Hepatoprotective Effect of Aged Black Garlic Extract in Rodents

Jung Hyu Shin 1,, Chang Woo Lee 1, Soo Jin Oh 1, Jieun Yun 1, Moo Rim Kang 1, Sang-Bae Han 2, Heungsik Park 3, Jae Chul Jung 3, Yoon Hoo Chung 4, Jong Soon Kang 1
PMCID: PMC4007044  PMID: 24795800

Abstract

In this study, we investigated the hepatoprotective effects of aged black garlic (ABG) in rodent models of liver injury. ABG inhibited carbon tetrachloride-induced elevation of aspartate transaminase (AST) and alanine transaminase (ALT), which are markers of hepatocellular damage, in SD rats. D-galactosamineinduced hepatocellular damage was also suppressed by ABG treatment. However, ABG does not affect the elevation of alkaline phosphatase (ALP), a marker of hepatobilliary damage, in rats treated with carbon tetrachloride or D-galactosamine. We also examined the effect of ABG on high-fat diet (HFD)-induced fatty liver and subsequent liver damage. ABG had no significant effect on body weight increase and plasma lipid profile in HFD-fed mice. However, HFD-induced increase in AST and ALT, but not ALP, was significantly suppressed by ABG treatment. These results demonstrate that ABG has hepatoprotective effects and suggest that ABG supplementation might be a good adjuvant therapy for the management of liver injury.

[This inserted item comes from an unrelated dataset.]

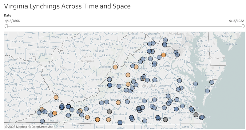 This map, showing lynchings across the state from 1866 to 1932, is part of the “Racial Terror: Lynching in Virginia” research project by Gianluca De Fazio, an associate professor at James Madison University. (James Madison University/ Gianluca De Fazio)

Keywords: Aged black garlic, Liver injury, Carbon tetrachloride, D-galactosamine, Non-alcoholic fatty liver disease

INTRODUCTION

Garlic has long been used as a medicinal food and recent studies have validated a variety of its biological activities, including cancer prevention, anti-thrombosis and cardioprotection (1-3). In spite of these beneficial effects, consumption of raw garlic is not prevalent in many areas because of its unpleasant odor and adverse effects, such as gastrointestinal disorder and hemolytic anemia (4,5). Allicin and lipidsoluble sulfur compounds derived from allicin have been known to be involved in these adverse effects (4,6). Aged garlic extract (AGE, Kyolic) is a preparation produced by long-term extraction of fresh garlic in aqueous ethanol at room temperature (7). AGE has been known to contain water-soluble allyl amino acid derivatives, stable lipid-soluble allyl sulfides, flavonoids and saponins, but not allicin anymore (8). AGE has also been shown to exert various biological activities, including anti-cancer, antioxidant and immune-potentiating effects without already known adverse effects of raw garlic (7-10).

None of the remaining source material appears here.